In pratica: approfittatori in ogni circostanza.
Festicciole va bene: si balla e si gozzoviglia! Ma i morticini che c’entrano?
Beh, dopo aver seppellito il corpicino del bimbo, a casa dei poveri genitori delle persone pietose portavano già pronta una una cena consolatoria (vedi: cunzùle).
Ebbene qualche manigoldo non si dava indietro nemmeno in questa circostanza e ne approfittava per rimpinzarsi a ufo.
Vüje düje, festüne e murtecjille jéte truànne. = Voi due, feste e festicciole andate scovando per abboffarvi.
Scherzosamente, ma con una punta di invidia, si evidenzia la sorte che è stata benigna verso gli altri.
Taluni si riferiscono alla fortuna, alla buona sorte; altri materialmente proprio ad un incontro ravvicinato di tipo sessuale: dipende dai soggetti che così si esprimono, sempre con un po’ di invidia, Beato chi li ha avuti entrambi o almeno uno solo dei due!
Beato/a può essere l’avversario in una partita a carte, il vincitore di un premio, colui che fa strage di cuori, un commerciante con florida attività, o chiunque altro che abbia avuto successo.
Il Detto nel Napoletano è lievemente diverso dal nostro. Infatti parla di sciorte = fortuna, buona sorte e di càvece nculo = calcio in culo, nel senso di spintarella, di raccomandazione. Anche questi elementi sono apprezzati da chi li riceve e invidiati agli altri che li prenderebbero volentieri se capitassero a loro.

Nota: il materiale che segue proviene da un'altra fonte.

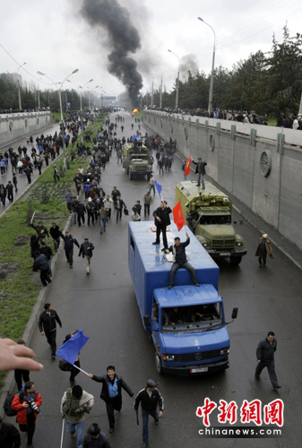 中新網(wǎng)4月8日電 當(dāng)?shù)貢r(shí)間4月6日開始,數(shù)千名吉爾吉斯斯坦反對(duì)派示威者在首都比什凱克市中心集會(huì)游行,并與防暴警察發(fā)生沖突,逐漸演變成騷亂,造成數(shù)百人傷亡。反對(duì)派扣押政府高官,占領(lǐng)部分政府機(jī)構(gòu)以及國家電視臺(tái),并稱最終目的是要總統(tǒng)下臺(tái),奪取國家政權(quán)。吉總統(tǒng)巴基耶夫下令全國進(jìn)入緊急狀態(tài),并宣布實(shí)行宵禁。

In Campania il Detto è “pulito”. In Puglia è diventato un po’ volgarotto, ma decisamente più spiritoso, ironico, colorito e beffardo. 🙂
Accettabile l’avverbio fin’a cchè =fintantoché, nel mentre.
“Nel mentre che la (donna) bella viene pregata (corteggiata), quella brutta si è già (sposata e addirittura) coricata (col marito).
La donna che sa di essere bella si crea delle illusioni e temporeggia nello scegliere!”.
Ringrazio infinitamente il dott. Matteo Rinaldi per avermi fornito questo bellissimo proverbio, con tanto di spiegazione, anticipandomelo dalla sua raccolta di oltre 1600 di prossima pubblicazione.
In altri termini ai dice che “si tira la calzetta” e in questo caso la fatalona resta con “un pugno di mosche” in mano, mentre le altre “fanno i fatti”.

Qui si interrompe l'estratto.